On 19 July 1712, Charlotte ( Bulkeley), Viscountess Clare, at Saint-Germain-en-Laye. The widow of Charles O'Brien, 5th Viscount Clare, she was daughter of Hon. Henry Bulkeley (son of the 1st Viscount Bulkeley) and Sophia Stuart (sister of the Duchess of Richmond, daughter of Dr. Walter Stewart and granddaughter of the 1st Lord Blantyre), and a sister of the Duchess of Berwick (wife of James FitzJames, 1st Duke of Berwick). From her first marriage, she had two sons, Charles O'Brien, 6th Viscount Clare, and Henry O'Brien.

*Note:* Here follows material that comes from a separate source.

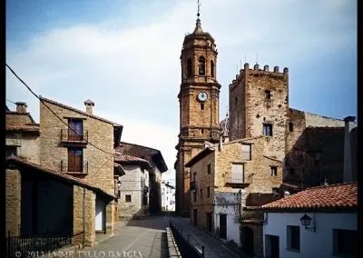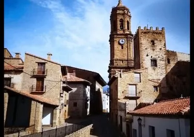 En los confines del Maestrazgo turolense y junto al camino hacia tierras de Castellón se yergue, altiva y orgullosa, la intensa historia y la belleza inconfundible de La Iglesuela del Cid, bellísimo pueblo medieval en el que la piedra ha tomado el protagonismo. Conjunto Histórico Artístico desde 1982, La Iglesuela forma junto a Cantavieja y Mirambel el triunvirato de pueblos icónicos, pueblos patrimoniales y turísticos del Maestrazgo de Teruel, sin que el resto de pueblos de la comarca desmerezcan en belleza y atractivo. El casco urbano de La Iglesuela está claramente diferenciado en dos sectores, a ambos lados del Barranco del Canto, sobre cuyo lecho se asientan numerosas huertas y corrales formando un peculiar paisaje de bancales de piedra seca. Orientado a la solana de la tarde, cuya luz ilumina la belleza de sus fachadas, en el barrio que se alza al oriente predomina la arquitectura popular de grandes casas altas y encaladas con espacio para el almacenaje de productos agrícolas. Enfrentándose al barrio popular y agrícola, en la orilla occidental del barranco se levanta el recinto histórico amurallado, de forma triangular, que encierra las joyas del patrimonio local. La Iglesia de la Purificación, del siglo XVII, con su magnífica torre que gobierna la redolada y las trazas góticas de sus naves; el conjunto civil del Torreón de los Nublos y el ayuntamiento gótico, testimonio de la antigua fortaleza que defendía esta plaza; los restos de la vieja muralla, antiguos arcos y lienzos que luchan contra el tiempo; y sobre todo el excepcional conjunto de arquitectura civil y popular, grandes casonas y palacios y calles en las que se suceden preciosas y grandes casas que fueron de los vecinos del pueblo y siguen en pie. Sin duda, uno de los mejores cascos urbanos del Maestrazgo, de Teruel y de Aragón, que se mantiene casi intacto y de una belleza que, por si solo, justifica la visita a La Iglesuela del Cid.

The Count of Castile died at Ocana in Spain in January 1714. Neither of his sons left male descendants. A collateral descendant, who also held the title Count O'Mahony, commanded a regiment of dragoons at Barcelona in 1756.

===Legacy===
"Le fameux Mahoni," as he was called, to distinguish him from others of his family who had taken service under the Bourbons, was more than a dashing officer; he was an accomplished soldier, and Bellerive says of him with justice, "He was not only always brave, but laborious and indefatigable; his life was a continued chain of dangerous combats, desperate attacks, and honourable retreats" St. Simon says of O'Mahony that he was a man of wit as well as of valour; and Louis XIV assured De Chamillart, when O'Mahony was at Versailles in 1702, 'qu'il n'avait jamais vu personne rendre un si bon compte de tout, ni avec tant de netteté d'esprit et de justesse, même si agréablement.' When at the end of his first interview Louis observed, 'But you have said nothing of my brave Irish’ at Cremona, O'Mahony replied, 'They fought in conjunction with the other troops of your majesty.'

===Descendants===
Through his eldest son, he was a grandfather of Countess Cecilia Carlotta Francisca Anna Mahony, Countess Mahony (1740–1789), who married Prince Benedetto Giustiniani, 5th Prince of Bassano Romano and Duke of Corbara (d. 1793) in 1757.

Through his daughter Mary Anne, he was a grandfather of Henrietta Cantillon (1728–1761), who married William Stafford-Howard, 3rd Earl of Stafford (son of William Stafford-Howard, 2nd Earl of Stafford), in 1743. After his death, she married Robert Maxwell, 1st Earl of Farnham (a son of John Maxwell, 1st Baron Farnham), in 1759.